CHANGES IN HOSPITAL PERFORMANCE AND TRANSITION-CARE MEASURES 1-YEAR AFTER INITIATION OF THE PATIENT NAVIGATOR PROGRAM
Despite high rates of early readmission in patients with acute myocardial infarction (AMI) and heart failure (HF), little data exists regarding the impact of best practices on hospital-based transition-care measures. This project sought to evaluate early changes in AMI and HF program performance after implementing the American College of Cardiology Patient Navigator Program—a transition-care improvement initiative at 35 acute care hospitals.
Baseline and 1-year post intervention data from 3860 patients with AMI or HF were analyzed using Wilcoxon signed rank test for 17 care measures related to hospital processes (8), medication reconciliation (3), education delivery/documentation (2), HF patient identification prior to discharge (1), scheduling a follow-up appointment within seven days (1), and associated 30-day unadjusted rates of AMI and HF readmission (2).

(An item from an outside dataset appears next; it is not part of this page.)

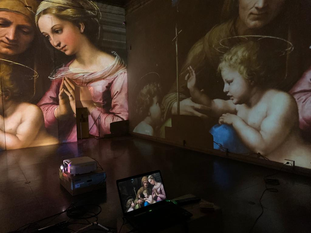 La ricchissima parte multimediale ricostruisce con immagini accompagnate dalla descrizione artistica e storica che le contestualizza tutte le dodici opere realizzate da Raffaello in Umbria – dove oggi ne rimangono soltanto due, con le altre sono dislocate nei musei in giro per il mondo; inoltre, mette in scena due dialoghi realizzati da attori che interpretano l’artista mentre si confronta con suo padre e con il suo maestro Pietro Vannucci, detto il Perugino. Si inseriscono nel percorso anche tre opere del Rinascimento umbro appartenenti alla collezione della Fondazione Cassa di Risparmio di Perugia e realizzate da tre maestri a cui Raffaello si ispira e con i quali si relaziona quando arriva in Umbria: Perugino, Pintoricchio e Signorelli.
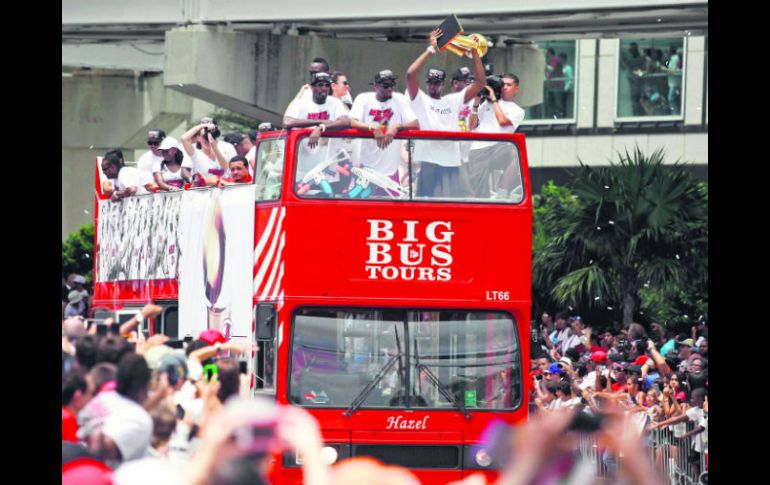 Deportes | Un desfile por la ciudad convoca aproximadamente a 400 mil personas El Heat festeja por las calles de Miami Un desfile por la ciudad convoca aproximadamente a 400 mil personas y otras 20 mil en el estadio para celebrar el campeonato Por: EL INFORMADOR 25 de junio de 2013 - 03:27 hs Un autobús descubierto circuló por las principales calles de Miami para que los aficionados pudieran aclamar a sus campeones. AP / MIAMI, ESTADOS UNIDOS (25/JUN/2013).- LeBron James asomó en la parte alta de un autobús descubierto de dos pisos con un cigarro en la boca y besó la copa. Shane Battier le tiró besos a la multitud que los vitoreaba y Dwayne Wade levantó una mano mostrando tres dedos. A esta altura, el campeón de la NBA sabe cómo festejar. Jugadores, familiares, personal y amigos se montaron en autobuses, cambiones y autos para participar en una caravana por el centro de Miami para celebrar la nueva conquista. Con otra gran actuación de su astro LeBron James, el Heat se coronó el jueves campeón de la temporada 2012-2013 tras vencer a los Spurs 95-88 y llevarse la serie final por 4-3. “Para mí, lo más importante que todos los MVP (Jugador Más Valioso, por sus siglas en inglés) que he logrado es ganar un campeonato”, dijo LeBron en el acto celebrado en la Arena. El desfile comenzó a las 11:00 horas locales en la famosa Calle Ocho y la Segunda Avenida y transitó después por el Downtown de Miami hasta llegar a la Arena Triple A. Se calcula que unas 400.000 personas se volcaron a las calles en un día de un calor agobiador para aclamar a los campeones. “Esto es lo más grande”, afirmó James al Sun Sports, la radio del Heat. “Para esto vine aquí, para poder participar en el desfile de fin de año. Me siento bendecido. No hay nada mejor que esto”. Varios jugadores rociaron a los aficionados con pistolas de agua en medio de una lluvia de papel picado, al son de ruidosas bandas que acompañaron los vehículos y de bocinazos. El gerente general Micky Arison y el presidente del Heat Pat Rile estuvieron en el primer bus. Durante el recorrido, los miembros del Heat mostraron su trofeo acompañados por sus familiares en camiones y autobuses descapotables. Los aficionados, por su parte, dieron rienda suelta al entusiasmo junto a sus líderes del equipo, como LeBron, el MVP (Jugador Más Valioso) de la temporada regular y la final, Dwyane Wade y Chris Bosh, los “Tres Grandes” del equipo, entre otros. Dentro de la Arena, donde todo era música y alegría, los cerca de 20 mil espectadores presentes fueron testigos de la presentación de cada uno de los miembros del equipo, que uno a uno tocaron el trofeo. “Fueron muchos sacrificios en el trabajo, todos estos chicos se merecían esto (el campeonato), no cabe dudas que fue algo increíble”, dijo el técnico del Heat de Miami, Erik Spoeltra. “Hemos ganado el campeonato y estamos junto a una comunidad que adora este juego, desde las personas que trabajan en cualquier función en la instalación, los directivos que me rodean y los jugadores”, señaló Pat Riley, presidente de la franquicia. El Heat ganó su primera corona en 2006 ganó la primera corona cuando D-Wade fue el MVP de esa final. El Heat venía de ganar también en la final el año pasado ante los Oklahoma City Thunder, por lo que en esta campaña la meta era repetir lo que pondría en camino el establecimiento de una nueva dinastía en la NBA. Con información AFP y AP FRASE "Este desfile por el Boulevard Biscayne fue lo que alguna vez imaginó (Pat) Rile como coach y ahora hemos hecho este recorrido tres veces. Es algo especial". Dwayne Wade, jugador de Miami. Temas NBA Basquetbol Miami Heat Lee También Billie Eilish fue agredida por fan en pleno concierto en Miami Astros de Jalisco toma ventaja sobre Xalapa en la semifinal de zona Iván Déniz confía en la fortaleza colectiva de Astros de Jalisco para Semifinales de Zona Astros de Jalisco, con nueva mentalidad y la mira en el campeonato Recibe las últimas noticias en tu e-mail Todo lo que necesitas saber para comenzar tu día Registrarse implica aceptar los Términos y Condiciones

Among Patient Navigator hospitals, 68.6% were urban and 77.1% were teaching. Baseline and 1-year assessments demonstrated wide variability in aherence for many measures. Compared with baseline, median (25th, 75th percentiles) performance improved for use of an evidence-based beta-blocker among patients with HF, from 91.6% (86.2%, 95.0%) to 93.8% (88.2%, 98.6%), p= 0.028; medication reconciliation at admission, discharge and both admission and discharge (all p≤ 0.05); scheduling of HF follow-up appointments (p= 0.004) and self-care education (p= 0.005). Post-AMI in-hospital mortality improved from 4.0% (4.0%, 5.0%) to 3.7% (3.3%, 4.3%), p= 0.015 and 30-day unadjusted HF readmission was non-significantly lower by 1.9%; from 19.0% (15.2%, 21.0%) to 17.1% (14.1%, 19.1%), (p= 0.09).
Transition-care interventions were associated with significant improvement in 6 processes of care and 1 outcome performance measure for patients with AMI or HF.